Please copy only the material from the line that has "两幅图上的葫芦叶子和小葫芦有什么不同?" to the very last line, both ends included, exactly as written and without pictures.

··········

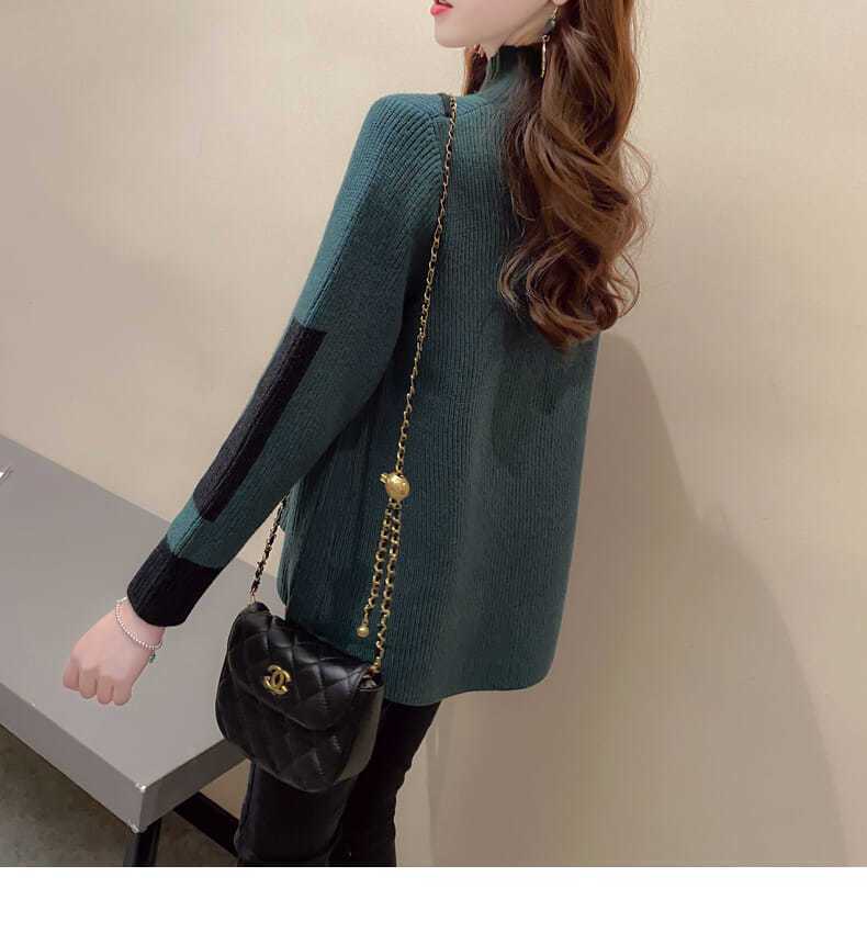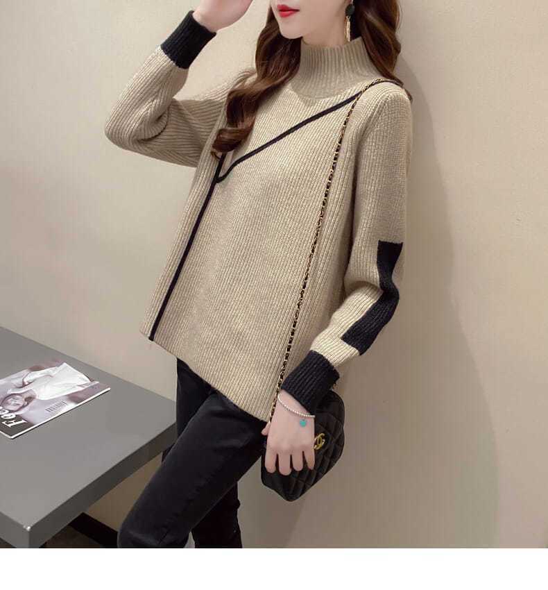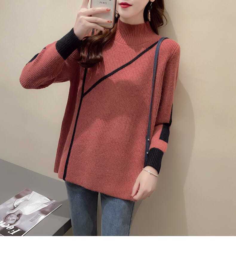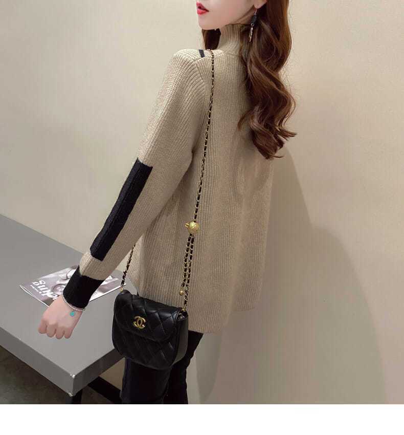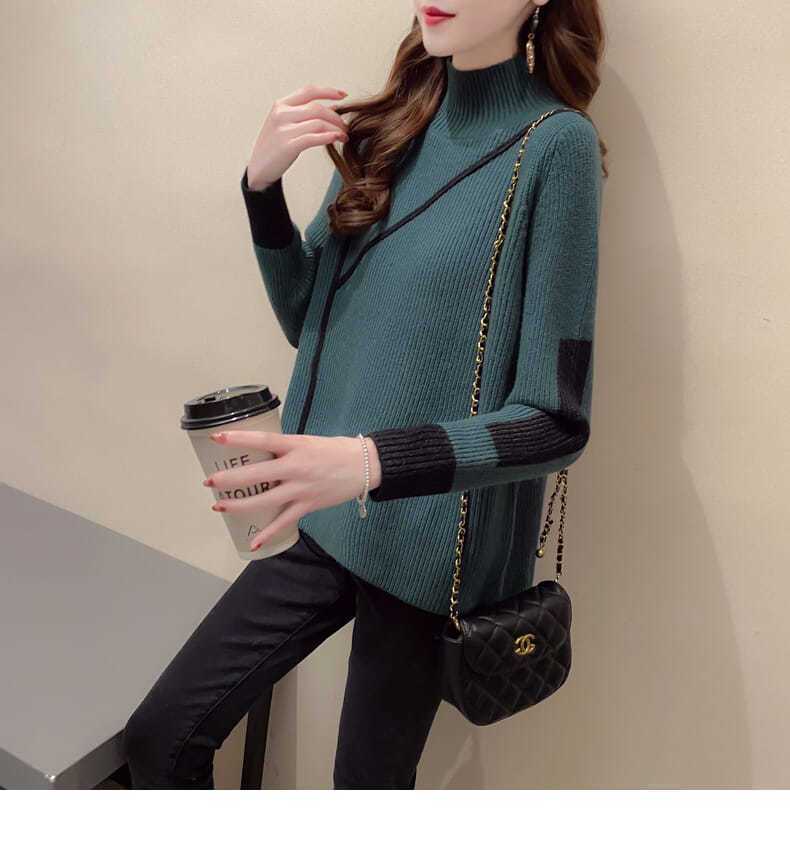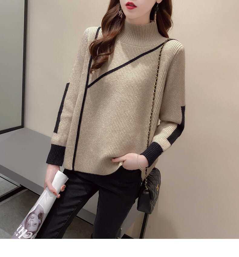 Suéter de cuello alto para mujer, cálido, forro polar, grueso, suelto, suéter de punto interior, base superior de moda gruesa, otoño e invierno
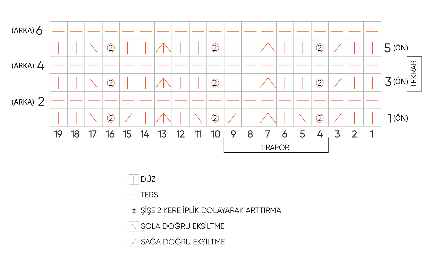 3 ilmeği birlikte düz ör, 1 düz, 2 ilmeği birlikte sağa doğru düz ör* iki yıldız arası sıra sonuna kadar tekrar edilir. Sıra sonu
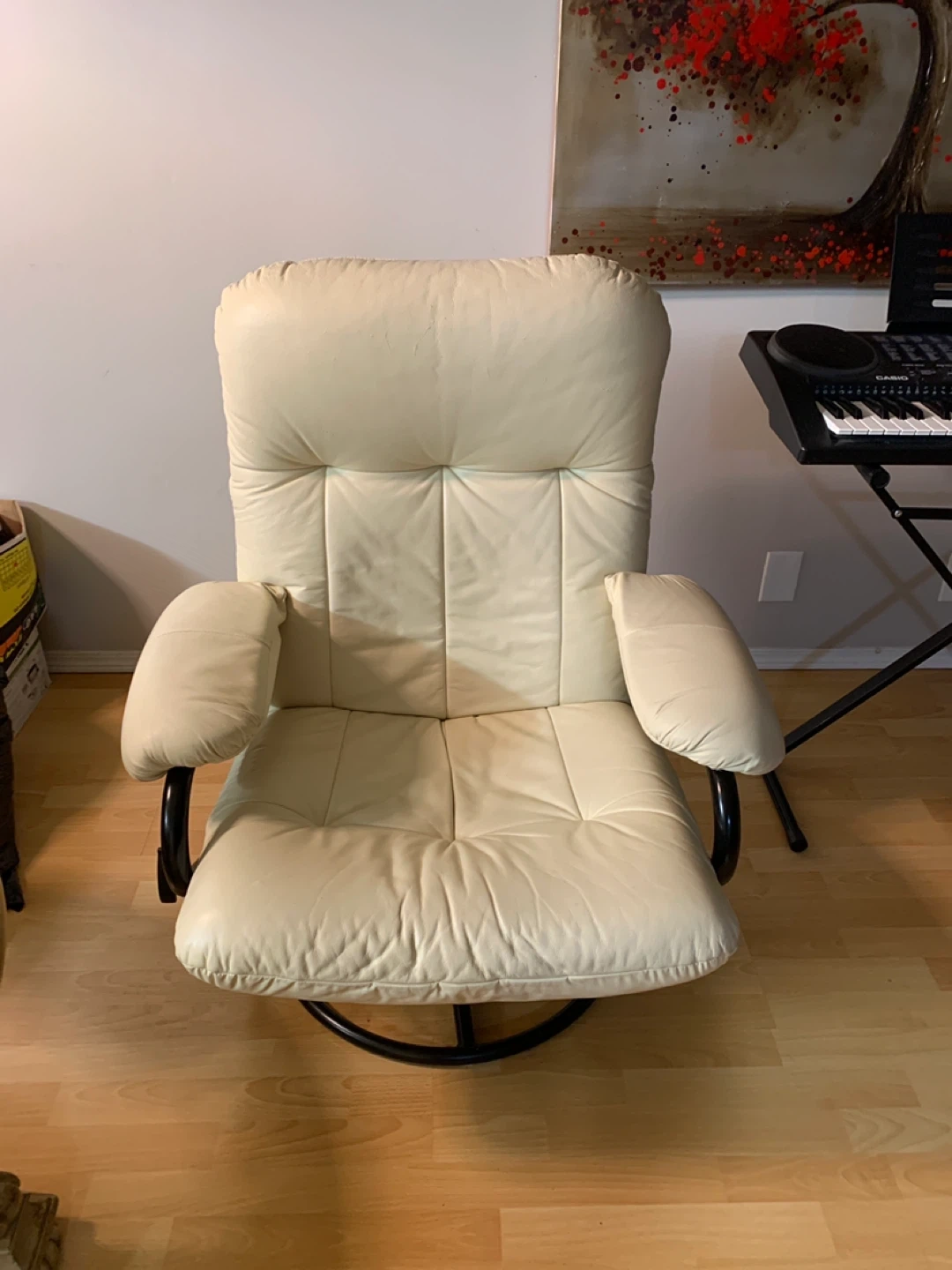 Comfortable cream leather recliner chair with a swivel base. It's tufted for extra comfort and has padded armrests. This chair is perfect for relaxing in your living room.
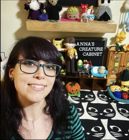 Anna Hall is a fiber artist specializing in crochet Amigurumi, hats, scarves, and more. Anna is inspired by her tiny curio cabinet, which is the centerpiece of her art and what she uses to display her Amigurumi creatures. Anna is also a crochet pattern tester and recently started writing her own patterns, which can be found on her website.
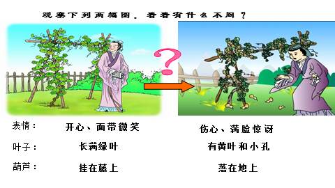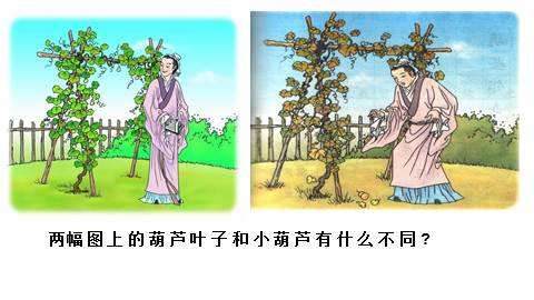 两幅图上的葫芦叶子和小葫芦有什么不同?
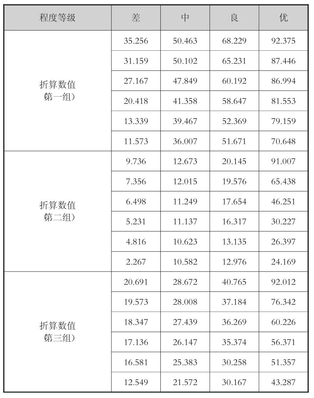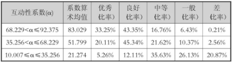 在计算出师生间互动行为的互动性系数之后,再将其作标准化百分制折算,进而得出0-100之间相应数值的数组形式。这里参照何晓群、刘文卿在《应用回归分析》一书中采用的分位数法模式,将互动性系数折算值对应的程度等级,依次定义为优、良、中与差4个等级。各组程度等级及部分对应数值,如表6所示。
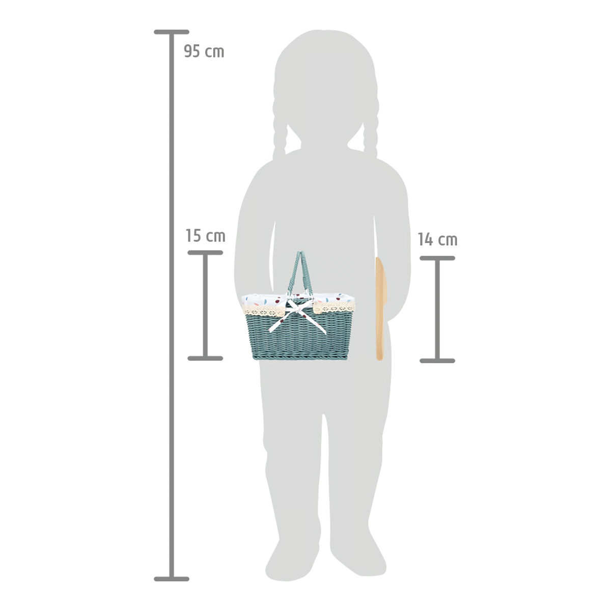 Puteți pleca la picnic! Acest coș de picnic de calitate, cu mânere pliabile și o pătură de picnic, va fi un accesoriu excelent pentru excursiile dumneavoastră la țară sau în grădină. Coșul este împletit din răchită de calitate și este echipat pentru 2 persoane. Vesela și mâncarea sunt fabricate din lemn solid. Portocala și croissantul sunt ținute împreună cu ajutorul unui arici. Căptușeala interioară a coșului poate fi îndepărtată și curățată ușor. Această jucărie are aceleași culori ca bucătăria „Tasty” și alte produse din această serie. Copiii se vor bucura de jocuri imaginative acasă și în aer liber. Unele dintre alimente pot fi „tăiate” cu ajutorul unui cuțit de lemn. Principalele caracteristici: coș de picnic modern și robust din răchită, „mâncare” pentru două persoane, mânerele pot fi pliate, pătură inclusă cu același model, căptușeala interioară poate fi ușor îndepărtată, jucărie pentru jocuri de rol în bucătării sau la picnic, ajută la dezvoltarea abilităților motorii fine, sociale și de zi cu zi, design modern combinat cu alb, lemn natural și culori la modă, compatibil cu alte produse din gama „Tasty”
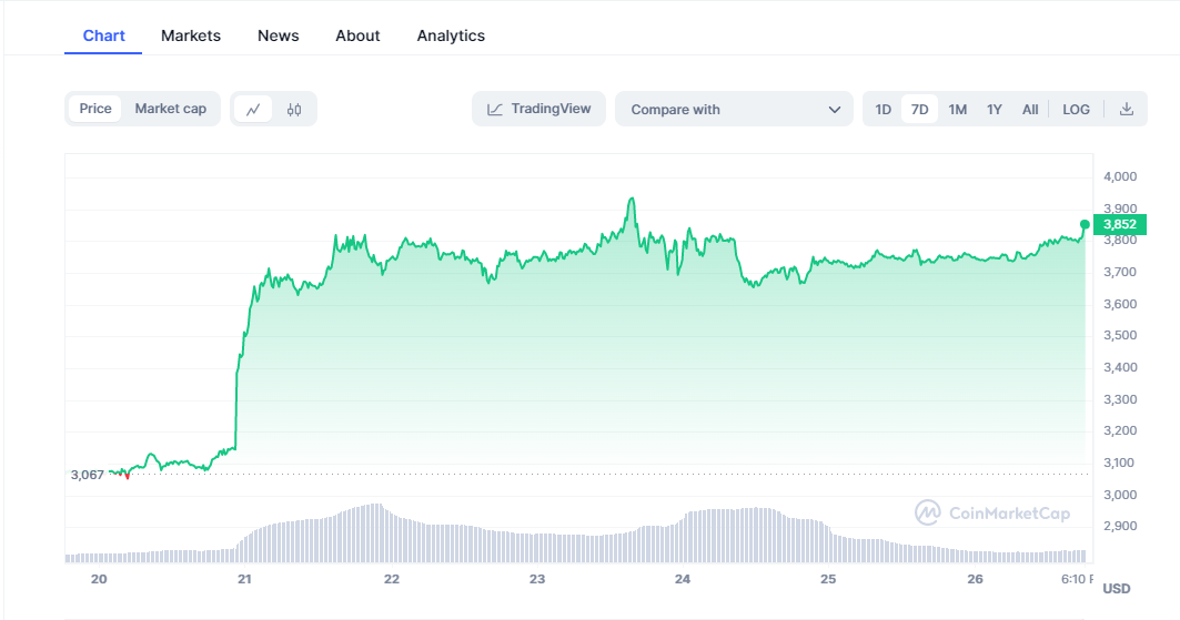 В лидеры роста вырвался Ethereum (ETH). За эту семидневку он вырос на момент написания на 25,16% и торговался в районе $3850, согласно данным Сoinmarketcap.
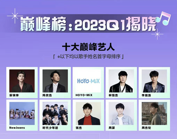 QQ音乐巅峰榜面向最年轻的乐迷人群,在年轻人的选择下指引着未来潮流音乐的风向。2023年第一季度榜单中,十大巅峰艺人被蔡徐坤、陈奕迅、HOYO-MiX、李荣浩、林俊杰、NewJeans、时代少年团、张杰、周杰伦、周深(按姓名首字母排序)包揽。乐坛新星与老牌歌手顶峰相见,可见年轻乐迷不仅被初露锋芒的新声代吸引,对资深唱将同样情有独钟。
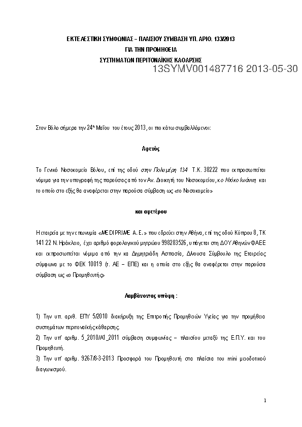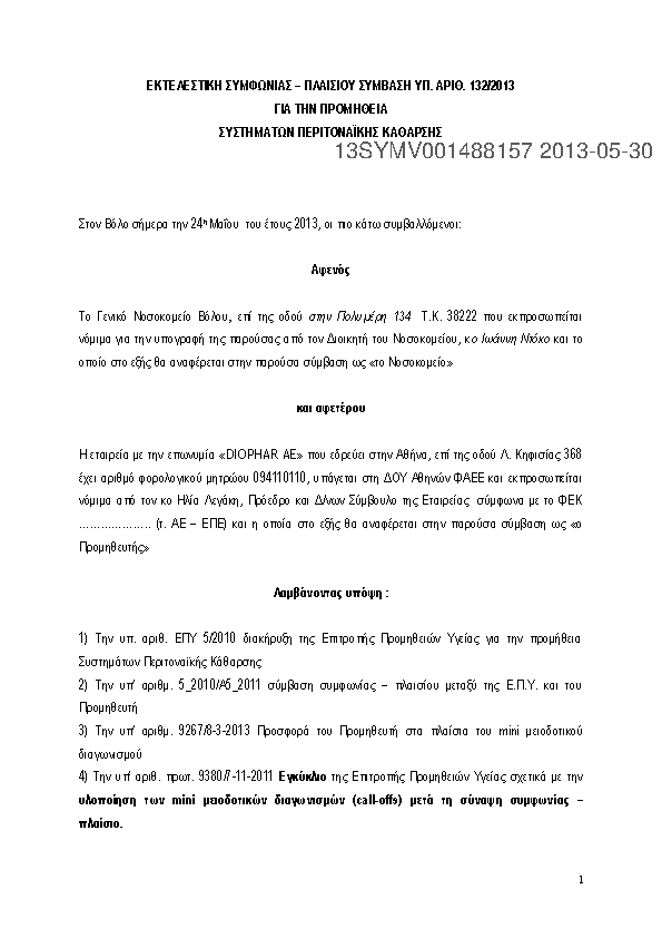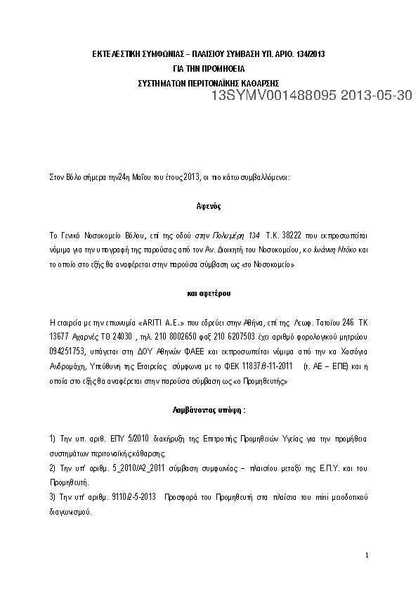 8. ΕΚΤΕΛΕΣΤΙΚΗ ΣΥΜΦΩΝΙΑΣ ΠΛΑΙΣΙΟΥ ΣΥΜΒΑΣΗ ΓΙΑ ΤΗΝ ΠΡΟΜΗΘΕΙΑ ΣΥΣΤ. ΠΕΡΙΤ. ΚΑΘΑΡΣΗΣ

··········

= TASK ANSWER =
 两幅图上的葫芦叶子和小葫芦有什么不同?
 在计算出师生间互动行为的互动性系数之后,再将其作标准化百分制折算,进而得出0-100之间相应数值的数组形式。这里参照何晓群、刘文卿在《应用回归分析》一书中采用的分位数法模式,将互动性系数折算值对应的程度等级,依次定义为优、良、中与差4个等级。各组程度等级及部分对应数值,如表6所示。
 Puteți pleca la picnic! Acest coș de picnic de calitate, cu mânere pliabile și o pătură de picnic, va fi un accesoriu excelent pentru excursiile dumneavoastră la țară sau în grădină. Coșul este împletit din răchită de calitate și este echipat pentru 2 persoane. Vesela și mâncarea sunt fabricate din lemn solid. Portocala și croissantul sunt ținute împreună cu ajutorul unui arici. Căptușeala interioară a coșului poate fi îndepărtată și curățată ușor. Această jucărie are aceleași culori ca bucătăria „Tasty” și alte produse din această serie. Copiii se vor bucura de jocuri imaginative acasă și în aer liber. Unele dintre alimente pot fi „tăiate” cu ajutorul unui cuțit de lemn. Principalele caracteristici: coș de picnic modern și robust din răchită, „mâncare” pentru două persoane, mânerele pot fi pliate, pătură inclusă cu același model, căptușeala interioară poate fi ușor îndepărtată, jucărie pentru jocuri de rol în bucătării sau la picnic, ajută la dezvoltarea abilităților motorii fine, sociale și de zi cu zi, design modern combinat cu alb, lemn natural și culori la modă, compatibil cu alte produse din gama „Tasty”
 В лидеры роста вырвался Ethereum (ETH). За эту семидневку он вырос на момент написания на 25,16% и торговался в районе $3850, согласно данным Сoinmarketcap.
 QQ音乐巅峰榜面向最年轻的乐迷人群,在年轻人的选择下指引着未来潮流音乐的风向。2023年第一季度榜单中,十大巅峰艺人被蔡徐坤、陈奕迅、HOYO-MiX、李荣浩、林俊杰、NewJeans、时代少年团、张杰、周杰伦、周深(按姓名首字母排序)包揽。乐坛新星与老牌歌手顶峰相见,可见年轻乐迷不仅被初露锋芒的新声代吸引,对资深唱将同样情有独钟。
 8. ΕΚΤΕΛΕΣΤΙΚΗ ΣΥΜΦΩΝΙΑΣ ΠΛΑΙΣΙΟΥ ΣΥΜΒΑΣΗ ΓΙΑ ΤΗΝ ΠΡΟΜΗΘΕΙΑ ΣΥΣΤ. ΠΕΡΙΤ. ΚΑΘΑΡΣΗΣ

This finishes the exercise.